Baker smiles her half-smile, and then, looking down at her drink, she says, “I’m bored.”

“You do realize you don’t have to whisper that like it’s a guilty secret, right? It’s not a sin to be bored.”

“I just feel like I should be more excited to be here. Aren’t parties supposed to be, like, a teenager’s dream?”   

“What would you rather be doing right now?”

Baker turns to look at her. They blink at each other for a moment, the crisp air cutting the space between them, and then Baker’s lips turn upwards.

“Eating macaroni and cheese at your house,” she says.

“Yeah?”

“Yeah.”

“Let’s do it,” Hannah says, throwing the rest of her beer into the grass.

They work out the logistics, deciding which one of them should drive—“I’m way more sober than you,” Baker says, “you know I only had one drink”—until Clay pokes his head out onto the porch and says, with an edge to his voice, “What are y’all doing?”

“We’re star-gazing,” Hannah says with a straight face. “Baker’s really into
Ursa major
right now.”

Clay stares at her like he doesn’t know whether he’s being made fun of or not, and Baker bites her lip to contain her smile, and finally Clay shakes his head and leaves them on the porch.

“Come on,” Baker says, tugging on Hannah’s arm. “Let’s go home.”

They say goodbye to the boys and to Joanie—“Don’t come home too late,” Hannah tells her, “I don’t want another joint lecture from Mom”—and then they make their way through the house, their classmates parting for them like the two halves of the Red Sea, everyone begging them to stay, to have one more drink, to listen to one more song.  

Baker drives them down moonlit, oak-towered streets.
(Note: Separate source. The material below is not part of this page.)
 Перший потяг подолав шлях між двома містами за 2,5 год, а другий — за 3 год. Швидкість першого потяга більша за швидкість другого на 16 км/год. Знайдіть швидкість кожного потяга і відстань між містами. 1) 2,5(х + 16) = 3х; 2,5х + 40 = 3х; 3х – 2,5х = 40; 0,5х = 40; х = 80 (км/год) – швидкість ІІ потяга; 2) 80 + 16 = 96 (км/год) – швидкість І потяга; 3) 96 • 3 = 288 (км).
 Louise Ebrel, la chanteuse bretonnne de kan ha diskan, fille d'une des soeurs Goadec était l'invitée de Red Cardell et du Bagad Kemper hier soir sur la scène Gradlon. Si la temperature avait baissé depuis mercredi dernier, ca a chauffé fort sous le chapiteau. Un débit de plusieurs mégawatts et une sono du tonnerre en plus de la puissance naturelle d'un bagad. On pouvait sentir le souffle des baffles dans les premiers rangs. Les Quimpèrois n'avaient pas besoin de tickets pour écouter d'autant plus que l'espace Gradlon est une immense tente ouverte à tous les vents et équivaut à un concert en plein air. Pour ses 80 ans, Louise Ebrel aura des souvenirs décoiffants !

They drive in peaceful silence, carrying the emotions from the party in their stomachs and their lungs. Hannah looks through the windshield and begs the sky that her life will always be like this—large and loud and brimming with youth, but always followed by the quiet drive home and the promise of ending the night with her favorite person in the world.
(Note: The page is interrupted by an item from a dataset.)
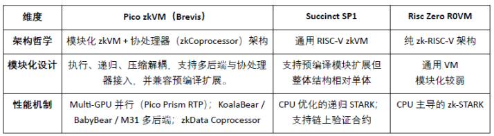 Compared with the relatively monolithic RISC-V zkVM architecture of Succinct SP1 and the general RISC-V execution model of RISC Zero R0VM, Pico achieves decoupling and expansion of the execution, recursion and compression stages through Modular zkVM + Coprocessor System, supports multi-backend switching and coprocessor integration, and forms a differentiated advantage in performance and scalability.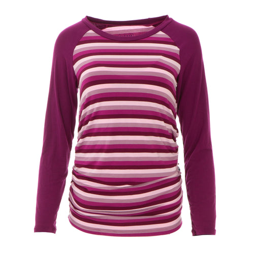 Kickee Pants Print Long Sleeve Raglan Maternity Tee - Coral Stripe

The house is dark and silent when they walk inside, but Hannah’s mom has left the kitchen light on for them. Hannah pulls the cooking pot out from under the stove while Baker pulls out bowls and silverware, and then Baker hops up on the counter, tapping her bare heels against the yellow kitchen cabinets, while Hannah stands at the stove and turns the heat up so the water will boil.

“How do you think they choose the shapes?” Baker asks.

“What?”

Baker holds up the macaroni and cheese box. Scooby Doo smiles in all his dopey cartoon glory, and Baker points at him and repeats her question.

“Maybe there’s a secret society,” Hannah says with mock seriousness, “of people whose sole job is to choose the shapes for kids’ macaroni.”

“You think so?”

“Oh, yeah. They spend their nights agonizing about whether Dora the Explorer or Superman would make a better macaroni noodle. And if they make the right choice, they get an award trophy that says, ‘Congrats, You Really Used Your Noodle!’”

“But who gives the award trophy?” Baker asks with equal mock seriousness. “Who gets to decide whether they chose the right noodle or not?”